The paradox of mental health services, generally, hovers around the issue of consent. Most mental health services require voluntary participation from the patient, except in extreme cases. Thus, the question becomes, how can someone suffering from mental illness possess the wherewithal to seek help? Even those who are not clinically ill, but just unstable, may feel that the stigma attached to mental health services is a huge repellent. In light of the Virginia Tech Massacre, all educational institutions should begin to reconsider old notions surrounding mental health and seek to make services more accessible to students.
Issues of mental health are sorely misunderstood in this country, and not all medications and treatments are covered under insurance — emphasizing the cultural and political neglect of these matters. The fact that Cho Seung-Hui could fall through the cracks of a well-structured institution, such as a university, should be a Big Red Flag to all academic administrators to seriously address issues surrounding counseling services. The reality is that most students suffering from mental health related problems will not turn into Cho; however, they may fall through the cracks without such a “bang,” if you will.
Counseling services at universities should not be reserved for the deeply troubled, but should be open and generally administered like the flu shot. Clearly, just as with the flu shot, counseling must be voluntary on the part of the students. Students should feel free to visit a counselor without fear of censure from peers. Hmmm … this isn’t so easy.
In terms of Gannett specifically, the first item of business should be that of privacy. For instance, I went in for a routine physical, and as I was walking away from the counter, the lady yelled out, “Oh by the way do you want to be tested for HIV today?!?!?!?” Wow, now that everyone in the lobby is staring at me, I really feel comfortable answering that question. I meekly replied, “Not today, thanks.”
I did go back to get tested by the way, because I am vigilant about taking care of my health, and the HIV form was bright orange with “HIV testing” written in huge black letters.

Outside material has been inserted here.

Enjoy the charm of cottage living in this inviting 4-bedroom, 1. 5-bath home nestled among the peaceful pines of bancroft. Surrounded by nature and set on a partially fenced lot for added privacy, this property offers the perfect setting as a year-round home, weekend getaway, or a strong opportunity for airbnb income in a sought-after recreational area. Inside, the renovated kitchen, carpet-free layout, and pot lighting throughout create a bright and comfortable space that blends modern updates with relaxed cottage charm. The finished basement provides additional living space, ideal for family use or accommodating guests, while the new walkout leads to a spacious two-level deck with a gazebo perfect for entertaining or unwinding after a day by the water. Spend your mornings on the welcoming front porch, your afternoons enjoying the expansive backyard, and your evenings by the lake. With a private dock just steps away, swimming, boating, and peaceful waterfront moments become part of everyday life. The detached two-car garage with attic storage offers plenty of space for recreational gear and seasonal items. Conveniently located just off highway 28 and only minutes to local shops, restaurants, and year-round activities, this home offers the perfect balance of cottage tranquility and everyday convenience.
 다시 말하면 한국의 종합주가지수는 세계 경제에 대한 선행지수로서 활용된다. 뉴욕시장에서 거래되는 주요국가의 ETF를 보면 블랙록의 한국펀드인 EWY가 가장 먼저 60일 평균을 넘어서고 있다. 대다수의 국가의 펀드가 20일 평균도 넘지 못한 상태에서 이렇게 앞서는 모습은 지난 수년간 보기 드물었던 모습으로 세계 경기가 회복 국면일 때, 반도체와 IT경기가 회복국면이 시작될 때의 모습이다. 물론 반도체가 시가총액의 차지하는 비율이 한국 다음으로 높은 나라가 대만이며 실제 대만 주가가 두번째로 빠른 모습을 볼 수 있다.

Cool, then for a normal exam there is a paper with a giant diagram of a vagina … excellent. So clearly I just had to run into some guy I was vaguely interested in, clutching my vagina diagram and bright orange HIV testing form to my chest. Yeah, as if that’s not obvious. Then to get the results, you have to go back to Gannett and have a long chat about sex with a nurse, or better yet, a peer-advisor — who you can run into at the bars (not a bright idea, Gannett). Dude, testing is the reality of any sexually active adult, and in my opinion, the less fuss made of it, the better.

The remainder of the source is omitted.